FIG. 2 is a cross-sectional view taken along line II′ of FIG. 1 .
3 to 10 are cross-sectional views illustrating a method of forming a dielectric fabric having a conductive pattern according to an embodiment of the present invention.
FIG. 11 is a plan view of a dielectric fabric having the conductive pattern of FIG. 10;
12 and 13 are cross-sectional views illustrating a method of manufacturing an electromagnetic wave absorber according to an embodiment of the present invention.
14 is a plan view illustrating an electromagnetic wave absorber according to an embodiment of the present invention.
15 is a cross-sectional view of an electromagnetic wave absorber according to an embodiment of the present invention.
16 is a perspective view illustrating an electromagnetic wave absorber according to an embodiment of the present invention.
17 and 18 are cross-sectional views illustrating a method of manufacturing an electromagnetic wave absorber according to an embodiment of the present invention.
19 is a graph showing electromagnetic wave absorption performance of the electromagnetic wave absorber of Example 1.
20 is a graph showing interlaminar shear strength (ILSS) of the electromagnetic wave absorber of Example 1 and Comparative Examples.

Hereinafter, embodiments of the present invention will be described in detail with reference to the accompanying drawings. Since the present invention can have various changes and various forms, specific embodiments are exemplified and described in detail in the text. However, this is not intended to limit the present invention to a specific form disclosed, and should be understood to include all modifications, equivalents, and substitutes included in the spirit and scope of the present invention. In the accompanying drawings, the dimensions of the structures are shown enlarged than actual for clarity of the present invention.

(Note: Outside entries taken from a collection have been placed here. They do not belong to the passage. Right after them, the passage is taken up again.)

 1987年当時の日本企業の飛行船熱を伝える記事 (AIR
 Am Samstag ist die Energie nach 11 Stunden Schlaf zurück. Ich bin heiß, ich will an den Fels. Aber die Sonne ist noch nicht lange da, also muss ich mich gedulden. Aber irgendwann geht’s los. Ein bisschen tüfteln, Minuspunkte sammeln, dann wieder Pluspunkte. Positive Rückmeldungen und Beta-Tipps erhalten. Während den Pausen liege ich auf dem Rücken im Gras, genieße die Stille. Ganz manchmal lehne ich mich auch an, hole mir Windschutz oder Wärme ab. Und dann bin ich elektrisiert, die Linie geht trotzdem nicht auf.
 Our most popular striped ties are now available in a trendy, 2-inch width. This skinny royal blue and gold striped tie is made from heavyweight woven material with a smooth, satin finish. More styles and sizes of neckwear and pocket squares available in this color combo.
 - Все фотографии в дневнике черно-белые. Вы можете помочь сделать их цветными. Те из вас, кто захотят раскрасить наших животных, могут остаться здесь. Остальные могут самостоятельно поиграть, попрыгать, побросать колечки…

Terms used in this application are only used to describe specific embodiments, and are not intended to limit the present invention. Singular expressions include plural expressions unless the context clearly dictates otherwise. In this application, the terms "include" or "have" are intended to designate that there is a feature, number, step, operation, component, or combination thereof described in the specification, but one or more other features or numbers However, it should be understood that it does not preclude the presence or addition of steps, operations, components, or combinations thereof.

Unless defined otherwise, all terms used herein, including technical or scientific terms, have the same meaning as commonly understood by one of ordinary skill in the art to which the present invention belongs. Terms such as those defined in commonly used dictionaries should be interpreted as having a meaning consistent with the meaning in the context of the related art, and unless explicitly defined in the present application, they should not be interpreted in an ideal or excessively formal meaning. don't

1 is a plan view illustrating a dielectric fabric used in a method of manufacturing an electromagnetic wave absorber according to an embodiment of the present invention. FIG. 2 is a cross-sectional view taken along line II′ of FIG. 1 .

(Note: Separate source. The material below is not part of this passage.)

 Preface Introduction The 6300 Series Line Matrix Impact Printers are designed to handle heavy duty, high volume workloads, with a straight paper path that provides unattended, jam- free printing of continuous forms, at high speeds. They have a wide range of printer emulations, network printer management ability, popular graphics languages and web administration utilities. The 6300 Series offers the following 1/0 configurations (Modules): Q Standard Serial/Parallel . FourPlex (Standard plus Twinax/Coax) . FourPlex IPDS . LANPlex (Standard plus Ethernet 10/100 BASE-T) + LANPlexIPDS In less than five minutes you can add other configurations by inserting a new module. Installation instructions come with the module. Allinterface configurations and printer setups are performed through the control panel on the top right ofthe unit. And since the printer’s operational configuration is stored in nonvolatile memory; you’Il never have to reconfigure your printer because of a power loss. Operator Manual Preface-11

Referring to FIG. 1, the dielectric fabric 100 includes first fibers 100a arranged in a first direction D1 and second fibers 100b arranged in a second direction perpendicular to the first direction D1. can include According to one embodiment, the first fibers 100a and the second fibers 100b may be arranged in a plurality of bundles, and each bundle may be woven with warp and weft yarns to form the dielectric fabric 100. .

For example, the first fiber 100a and the second fiber 100b may include glass fiber, aramid (Kevlar) fiber, or the like. The first fiber 100a and the second fiber 100b may include the same fiber or different fibers, and may be composed of different materials within a bundle if necessary.

3 to 10 are cross-sectional views illustrating a method of forming a dielectric fabric having a conductive pattern according to an embodiment of the present invention. 4 is an enlarged cross-sectional view of the metal-coated fiber shown in FIG. 3;

Referring to FIGS. 3 and 4 , a metal coated fabric 110 is formed by coating the dielectric fabric with a metal. The metal coated fabric 110 may be formed by coating a metal layer ML on a base fiber FB corresponding to the first fiber 100a or the second fiber 100b.

In one embodiment, the metal coating layer (ML) may include a ferromagnetic material such as iron (Fe), cobalt (Co), nickel (Ni), etc., electroless plating, sputtering, chemical vapor deposition, vacuum It may be coated by a method such as vapor deposition or thermal evaporation.

Referring to FIGS. 5 and 6 , a dry photoresist film 120 is attached to the metal coated fabric 110 to perform a photolithography process.

Since the metal coated fabric 110 has gaps between fibers and between bundles, it cannot be coated with a conventional photoresist composition. Therefore, a dry photoresist film 120 is used to form the photoresist layer. According to one embodiment, the dry photoresist film 120 may be attached to both sides (upper and lower surfaces) of the metal coated fabric 110, but embodiments of the present invention are not limited thereto, and if necessary, The dry photoresist film 120 may be attached to one surface of the metal coated fabric 110 .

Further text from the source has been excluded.